Verfehlungen der Politik macht der Regionalverband Nordwest des Deutschen Berufsverbandes für Pflegeberufe (DBfK) für das Abstimmungsergebnis verantwortlich. Deren Vorsitzender, Martin Dichter, erklärte:
"Die Politik ist ihrer Verantwortung nicht nachgekommen, für adäquate geschweige denn attraktive Arbeitsbedingungen für beruflich Pflegende zu sorgen."
Dieser fehlende Rückhalt sei genau "der Rückenwind für Abstimmungsergebnisse wie dieses".

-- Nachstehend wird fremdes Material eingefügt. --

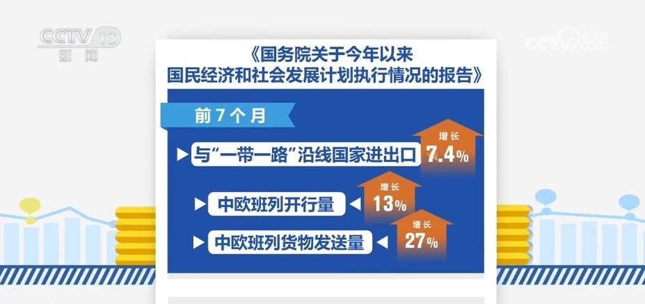 報(bào)告顯示,共建“一帶一路”持續(xù)推進(jìn)。鞏固拓展與重點(diǎn)共建國家和國際組織的務(wù)實(shí)合作,進(jìn)一步強(qiáng)化風(fēng)險(xiǎn)防控,前7個(gè)月與“一帶一路”沿線國家進(jìn)出口增長(zhǎng)7.4%,中歐班列開行量、貨物發(fā)送量分別增長(zhǎng)13%、27%。
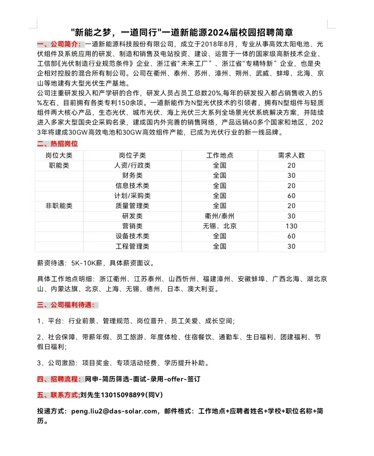 "新能之梦,一道同行"一道新能源2024届校园招聘公告
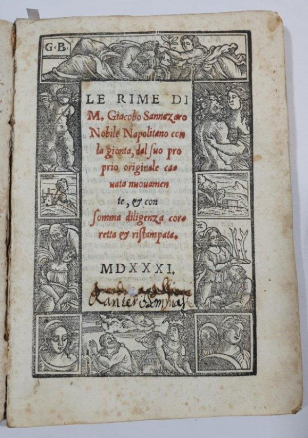 LE RIME DI M. GIACOBO SANNAZARO NOBILE NAPOLITANO CON LA GIONTA, DEL SUO PROPRIO ORIGINALE CAVATA NUOVAMENTE, ET CON SOMMA DILIGENZA CORRETTA ET RISTAMPATA.

Die stellvertretende Vorsitzende des DBfK Nordwest, Swantje Seismann-Petersen, fügte hinzu:
"Keine Kammer bedeutet keine systematische Einbeziehung der beruflich Pflegenden in alle relevanten Entscheidungen auf politischer Ebene."
„Historische Chance“ vertan
Als eine "absolute Katastrophe für die Profession" wertet der Bundesverband Pflegemanagement das Abstimmungsergebnis im Norden. Völlig unerwartet und nicht nachvollziehbar habe sich eine große Mehrheit der Pflegenden gegen die Fortführung der Pflegekammer ausgesprochen und setze damit ein mehr als fatales Signal für die Zukunft der Pflege. Der Vorstandsvorsitzende des Bundesverbandes Pflegemanagement, Peter Bechtel, mahnte:
"Das ist ein Tag, der für die Profession Pflege als absoluter Tiefpunkt in die Geschichte eingehen wird."

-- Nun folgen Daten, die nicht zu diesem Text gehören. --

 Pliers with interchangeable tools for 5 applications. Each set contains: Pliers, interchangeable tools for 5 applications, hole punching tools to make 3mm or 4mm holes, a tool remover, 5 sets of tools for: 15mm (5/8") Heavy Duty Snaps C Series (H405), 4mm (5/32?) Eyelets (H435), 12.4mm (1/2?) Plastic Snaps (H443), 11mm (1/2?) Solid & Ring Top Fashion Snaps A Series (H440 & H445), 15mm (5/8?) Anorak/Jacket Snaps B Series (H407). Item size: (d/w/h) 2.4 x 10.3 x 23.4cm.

Es sei erschreckend dass die eigene Berufsgruppe offenbar nicht verstanden habe, welche Chance eine Kammer als eigenständige Berufsvertretung für die Zukunft eröffne. Eine "historische Chance" der Pflege "ihre Angelegenheiten selbst in die Hand zu nehmen und verbindlich zu regeln", sei nun auf unbestimmte Zeit vertan.
Ferner kritisierte er Sinn und Art der Befragung: "Am Ende entsteht nicht nur in Schleswig-Holstein der Eindruck, dass nur lange und oft genug befragt werden muss, damit die Profession Pflege letztlich eine deutliche Ablehnung signalisiert." Es bleibe zu hoffen, dass dieses Desaster keine Signalwirkung für die Kammerbewegungen in den anderen Bundesländern haben wird.
Enttäuscht zeigte sich der Vorsitzende des BochumerBundes, Benjamin Jäger:
"Das Ergebnis über die Pflegekammer Schleswig-Holstein ist sicher nicht das, was wir uns erhofft haben."
Leider stehe der Pflegeberuf in einer Tradition der Bevormundung durch andere und habe nicht selten als politischer Spielball gedient. Nun seien diejenige gefordert, Lösungen zu liefern, "die seit Jahren destruktiv gegen die Kammern arbeiten. Hier schauen wir sehr genau hin, welche Lösungen geboten werden."
Auch die Ärztekammer Schleswig-Holstein bedauert, dass es in der Pflege zunächst keinen direkten Ansprechpartner mehr geben wird.
Kammergegner befürworten Abstimmungsergebnis
Die Kammergegner hingegen werteten das Wahlergebnis als Erfolg und als handlungsweisend. Die Politik sei nun aufgefordert, die Pflegeberufekammer abzuwickeln. Die Pflegenden in Schleswig-Holstein hätte nun "ihre Stimme erhoben und für das Aus der Kammer votiert", sagte der Landesvorsitzender des Bundesverbands privater Anbieter sozialer Dienste (bpa), Mathias Steinbuck. Und weiter:
"Ein lebender Beweis dafür, dass mehr Bürokratie und Bevormundung die Probleme der Pflege nicht lösen."
Auch die Vereinte Dienstleistungsgewerkschaft (ver.di Nord) zeigt sich erfreut vom Ausgang der Abstimmung. Die Pflege habe mit starker Stimme nein gesagt zu einer Pflichtkammer, die ohne ihre Mitsprache und Beteiligung verpflichtend für alle eingesetzt worden sei, erklärte der Landesfachbereichsleiter Gesundheit & Soziales, verdi Nord, Steffen Kühhirt:
"Deshalb ist das Votum ein klares Signal und eine gute Entscheidung für alle Pflegebeschäftigten."